Targeting this "wound response" of cancer stem cells can potentially provide a novel approach for therapeutic invention, said researchers from the National Cancer Institute-designated Dan L. Duncan Cancer Center at Baylor College of Medicine.

The results of their study appear online in the journal Nature today.

"Treatment for advanced bladder cancer is limited to surgery and chemotherapy. There are no targeted treatments available," said Dr. Keith Syson Chan, an assistant professor of molecular and cellular biology and of urology and the corresponding author on the report. "The chemotherapy response is far from ideal so the clinical goal is to advance research into this area and uncover a much more targeted approach."

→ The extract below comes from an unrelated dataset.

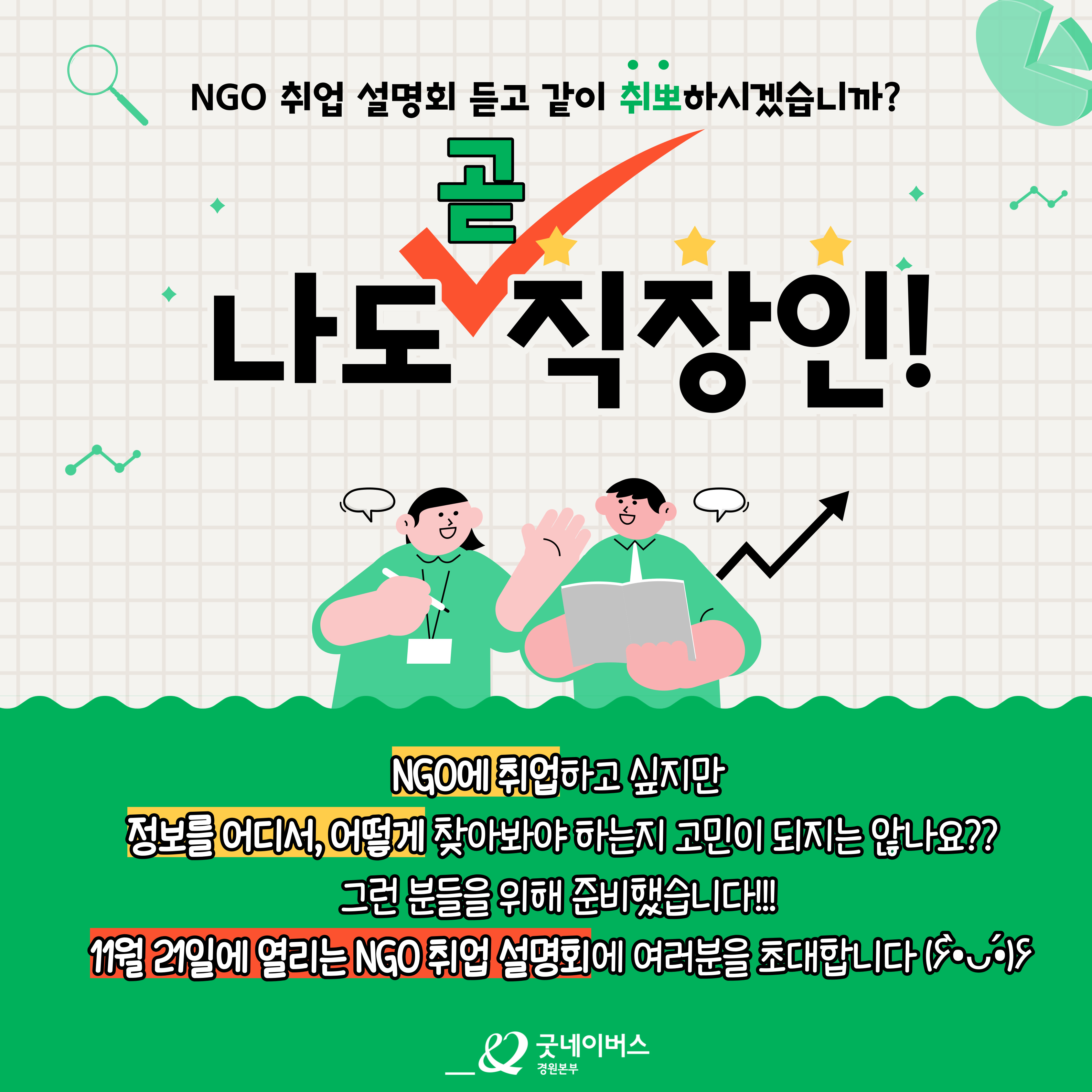 11월 21일에 열리는 NGO 취업 설명회에 여러분을 초대합니다 (۶•̀ᴗ•́)۶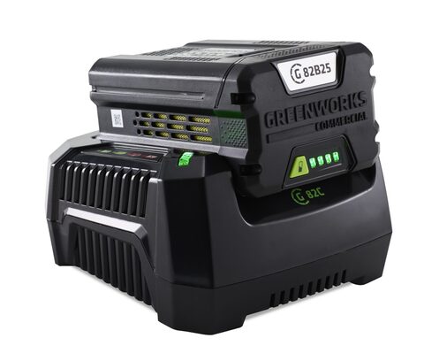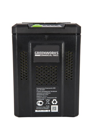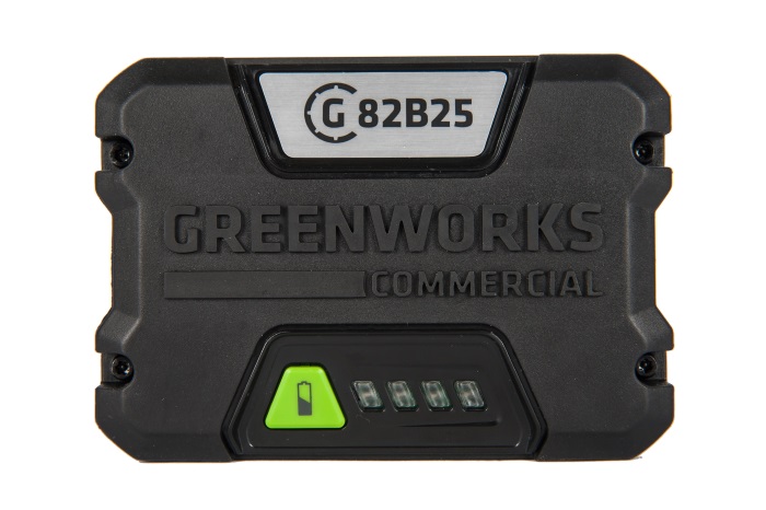 Аккумуляторная батарея Greenworks GC82B25. Это литий-ионная (Li-ion) батарея последнего поколения. Выполненная по новейшей технологии и используемая в технике Greenworks серии 82V Commerc. Батарея состоит из ячеек LG и снабжается встроенным электронным чипом. Чип предназначен для защиты от перезаряда, перегрева и глубокого разряда. 2000 циклов заряда-разряда гарантируют долгий срок службы. При коммерческом использовании равно приблизительно 8-ми годам работы. Литий-ионная (Li-ion) батарея не подвержена «эффекту памяти» — потери ёмкости при подзарядке не полностью разрядившейся батареи.

Together with co-lead authors Antonina Kurtova, a graduate student in the Translational Biology and Molecular Medicine Program at Baylor, and Dr. Jing Xiao, research assistant in urology at Baylor, Chan and his team sought out to identify mechanisms underlying the development of resistance in bladder cancer that has invaded the muscles. They found that regrowth of cancer stem cells actively contributes to therapy resistance between drug treatment cycles.

"This is a paradoxical mechanism leading to resistance, one we didn't expect," said Chan. "The cancer stem cells actively regrow and respond to the induced damage or apoptosis (cell death) caused by chemotherapy in between the different cycles, similar to how normal tissue stem cells respond to wound-induced damages."

The proliferation is stimulated by the release of a metabolite (or factor) called prostaglandin E2 or PGE2 from the dying cells, which causes the cancer stem cells to repopulate tumors that were reduced in size by chemotherapy, they found.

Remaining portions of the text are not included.